Being in the Territorial Army I reported to headquarters right away. I went to France early 1940 with the 8th. Argyll and Sutherland Highlanders as a sergeant with the 14th. Platoon.
There was not much doing to begin with night patrols etc. - until the Germans made the Big Push. The British decided to make a strategic withdrawal out of France.
A few companies were left behind to fight a rearguard action and, of course, we were surrounded. After two days we were eventually taken prisoner. They marched us across France day after day with hardly any food, picking up French prisoners along the way. There were hundreds of us.

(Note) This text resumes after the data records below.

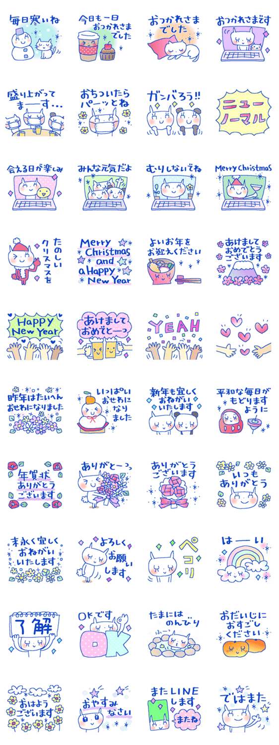 クリスマスや年末年始に明るい気持ち伝わるやさしい色の40個。新年のご挨拶(年賀状)リモートやマスク会食、うさきゅんの新しい冬の文字くっきり見やすいスタンプです。
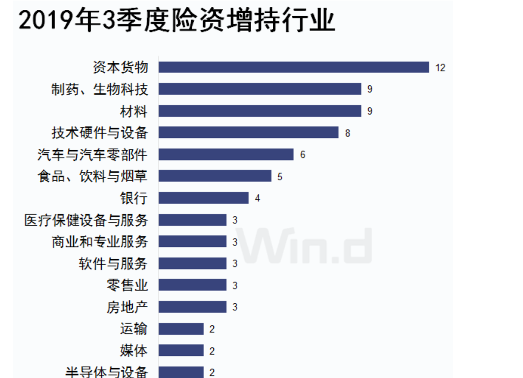 險(xiǎn)資財(cái)大氣粗,其一舉一動(dòng)受到資本市場(chǎng)密切關(guān)注:據(jù)Wind數(shù)據(jù)統(tǒng)計(jì),截止2019年3季度末,兩市共有376家上市公司被險(xiǎn)資持有,持有股數(shù)約為833.21億股;132只保險(xiǎn)產(chǎn)品共持有約12380億元市值A(chǔ)股股票。資本貨物、醫(yī)藥、軟硬件、食品等獲重點(diǎn)增持。
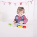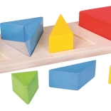 Des formes simples et des couleurs vives (rouge, bleu, vert, jaune) stimulent la perception visuelle et le tri logique. L’encastrement dans les emplacements correspondants renforce l’appariement correct.
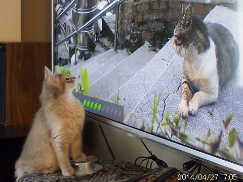 JUGEMテーマ:ソマリの子猫 今朝も熱心にテレビを見る水晶さん。 テレビに近づきすぎだと思う。 この猫さんが気になるのかと思いきや、 後ろで風に揺れていた芋科の植物の葉っぱが気になっていたみたい。 動いていれば、何でもいいのかな〜。 そのうち猫たちが喧嘩をするシーンになり 仔猫防衛のためか(?)ママも参戦。 水晶は、後ろをチェックする係です。 それを側で見守る雪倉。 テレビの画面の向こうでも喧嘩は怖いね。 ...
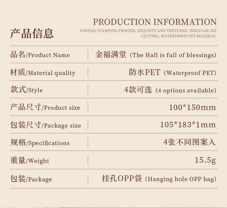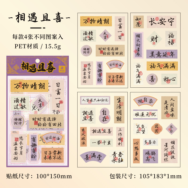 Yue Zhen Jin Fu Man Tang 방수 애완 동물 손 계정 스티커 패키지 중국 스타일 텍스트 창조적 인 스티커 diy 손 계정 소재
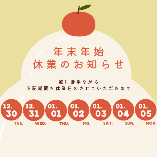 こんにちは!Handymanリフォーム吉祥寺店の佐々木です! 本日は年末年始休暇のご案内をいたします ![]() 皆様にはご不便をおかけいたしますが、 なお、休暇中にいただいたご連絡につきましては1/6(火)以降に対応させていただきます。 よろしくお願いいたします🍊 |
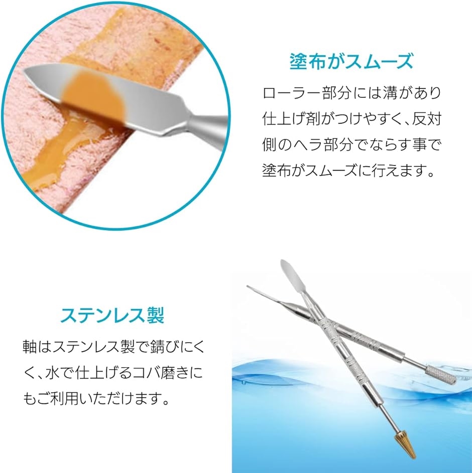 ローラー部分には溝があり処理剤・仕上げ剤がつけやすく、ローラーで適量をつけた後、反対側のヘラ部分でならす事で塗布がスムーズに行えます。
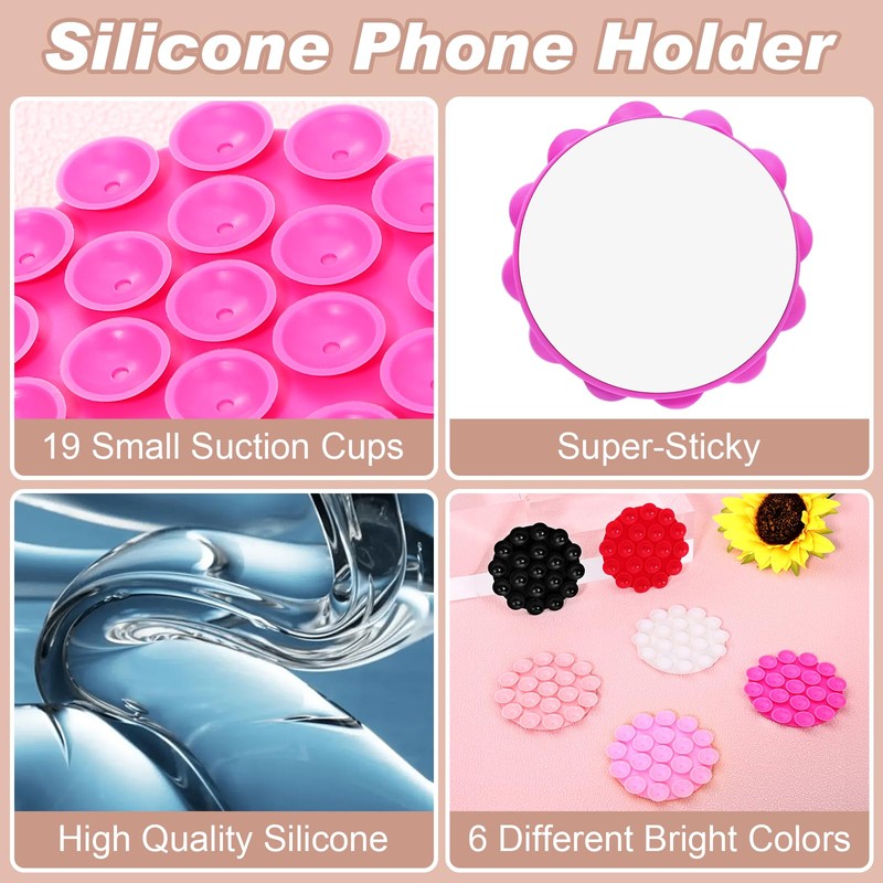 Draupnir 6 Stück Silikon Handy Auto Saugnapf Halterung, Saugnapf Handyhalterung für Alle Handy-Modelle, Mehrzweck Handyhalterung Auto Saugnapf Kfz für Spiegel, Wand, Kühlschrank (6 Farben)
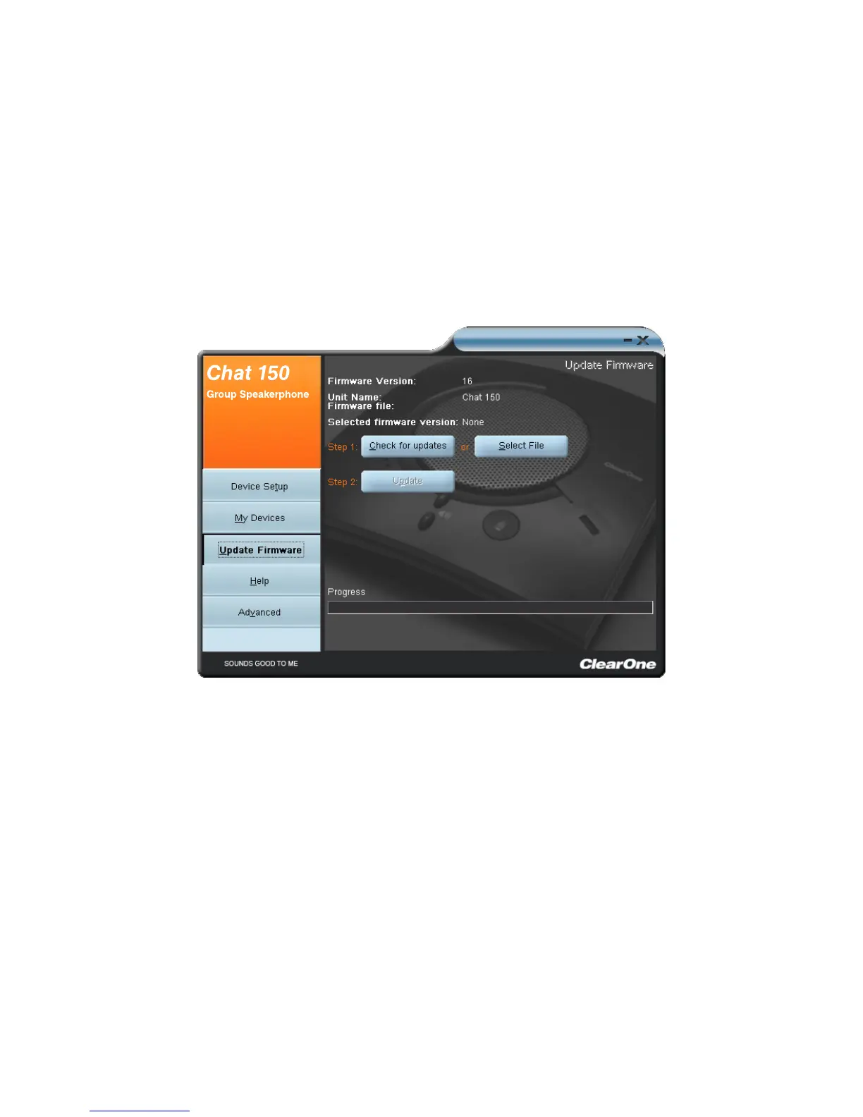 The Update Firmware screen displays the current firmware version, unit name, and checks ClearOne’s website for
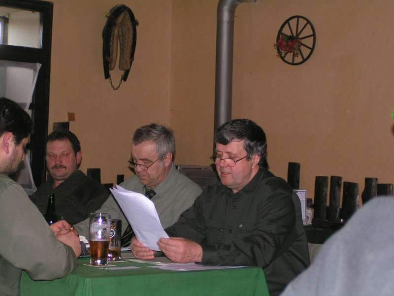Ve své zprávě zhodnotil činnost Mysliveckého sdružení v uplynulém roce.Uvedl,že po zavedení motivačního programu se morálka členů MS zlepšila o 100%,což bylo hlavně patrné na brigádách a účasti členů na dalších akcích pořádané svazem.Poděkoval všem členům za celoroční práci a obětavost se kterou se svých úkolů zhostili.

When we arrived in Germany we were put into cattle trucks and taken to POW camps and turned out to work in salt mines for the most part. I was involved in building an elevator in the factory attached to one of the mines with a chap from Tobermory.
It was always on everyone's mind to escape; especially with me. I knew that my father, living at Bousd at that time, was seriously ill and I wanted to see him. But that was not to be; he passed on before I got back.
My first attempt at escaping was worked out between myself and Callum Campbell from my own platoon. (He was a Connel lad, still living in Oban to this day.)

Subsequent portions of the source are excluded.